— Должно найтись что-то, чего боится, — уверенно заявил Эвмен, — у каждого человека есть свой страх.
Так они и проступили. Гнатон, помощник кардийца, потребовал разговора с критянином наедине. Гефестион разрешил. Дознаватель вошёл в допросную, когда солнце только-только поднялось над крышами, а вышел, когда оно уже достигло зенита.
— Ну что? — нетерпеливо затребовал отчёта Гефестион.
— Пока молчит, — ответил Гнатон, — но есть одна мысль… Возможно, получится развязать ему язык.

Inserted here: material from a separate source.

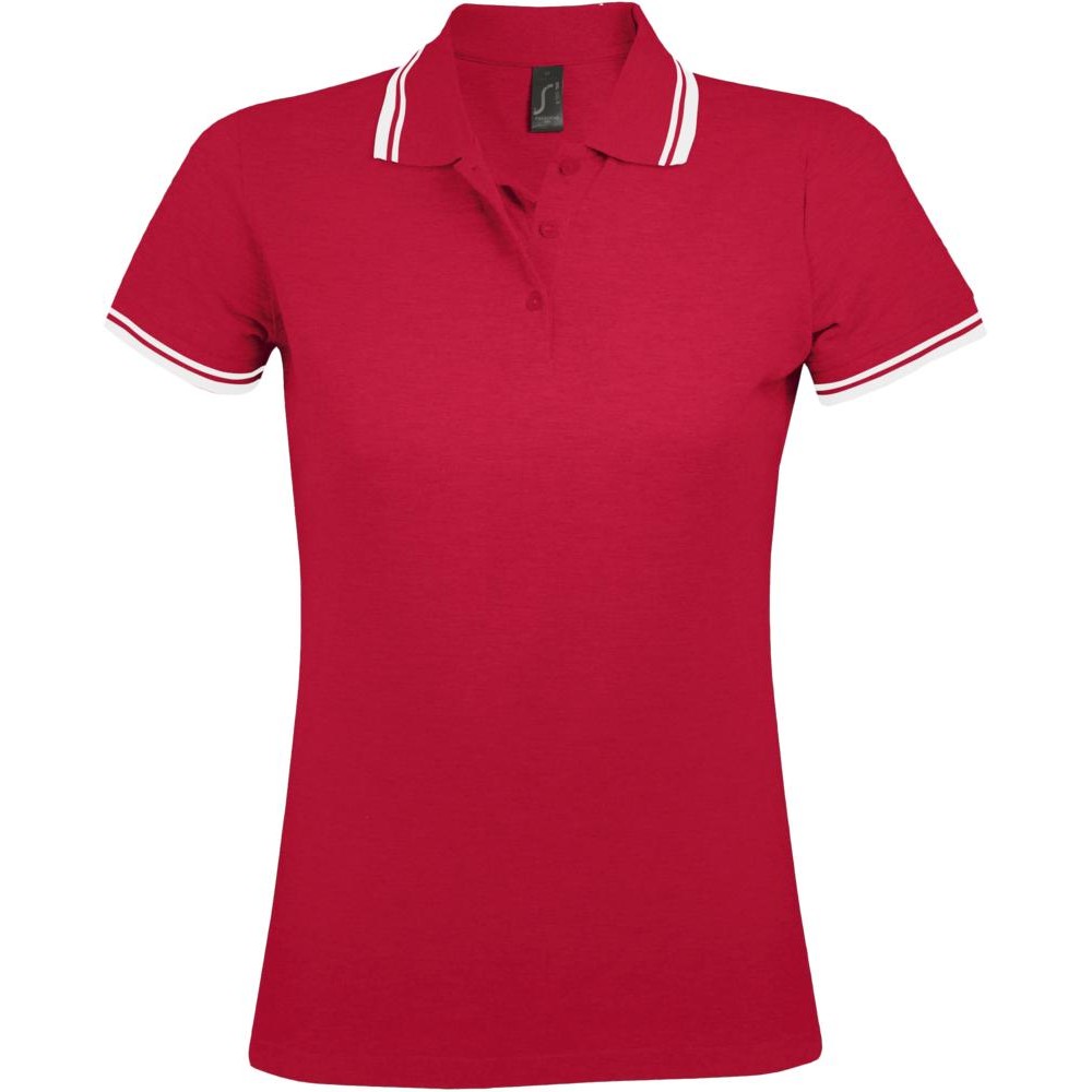 Рубашка поло женская Pasadena Women 200 с контрастной отделкой, красная с белым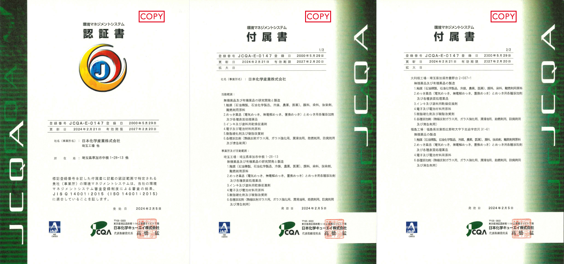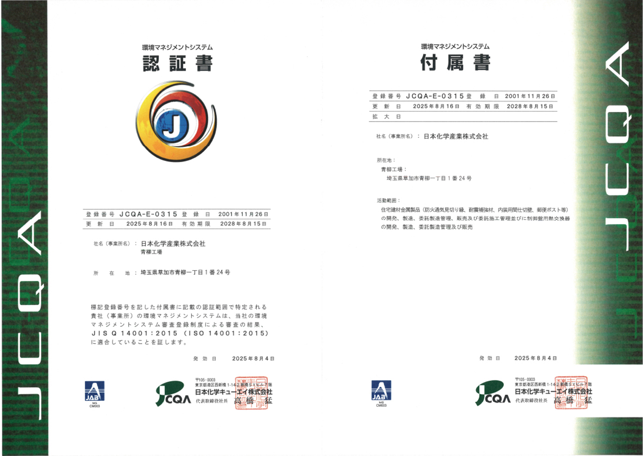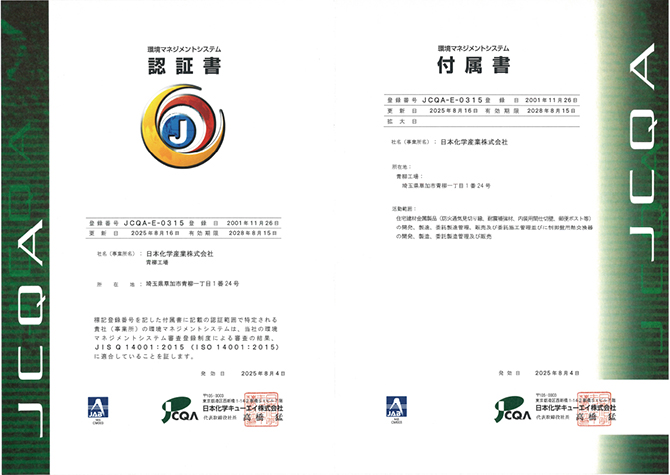 建材本部と青柳工場は、日本化学キューエイ(株)を審査機関として、環境マネジメントシステムの国際規格「ISO14001」を2001年11月26日付けで取得いたしました。これに基づいた環境管理体制のもと、これからも環境に配慮した生産に取り組んでいきます。

Я должен посоветоваться с господином архиграмматиком.
— Ну, советуйся, — не скрывая разочарования, протянул Гефестион.
Эвмен внимательно выслушал помощника и с предложением его согласился. Вызвал Иеронима. Когда тот вошёл, распорядился:
— Пригласи Анхнофрет, скажи, мне нужна её помощь.
Оставшись один, тяжело поднялся с постели (ноги ещё плохо держали, но и валяться дальше уже не было никакой мочи), прошёлся по комнате, постоял у окна. Сел за стол, взял в руки стленгиду. Мастер принёс её в приёмный покой царя как раз в день покушения. Про подарок забыли.
«А ведь они, болтуны досужие, как в воду глядели. Ведьма… Как же я сам-то не догадался…»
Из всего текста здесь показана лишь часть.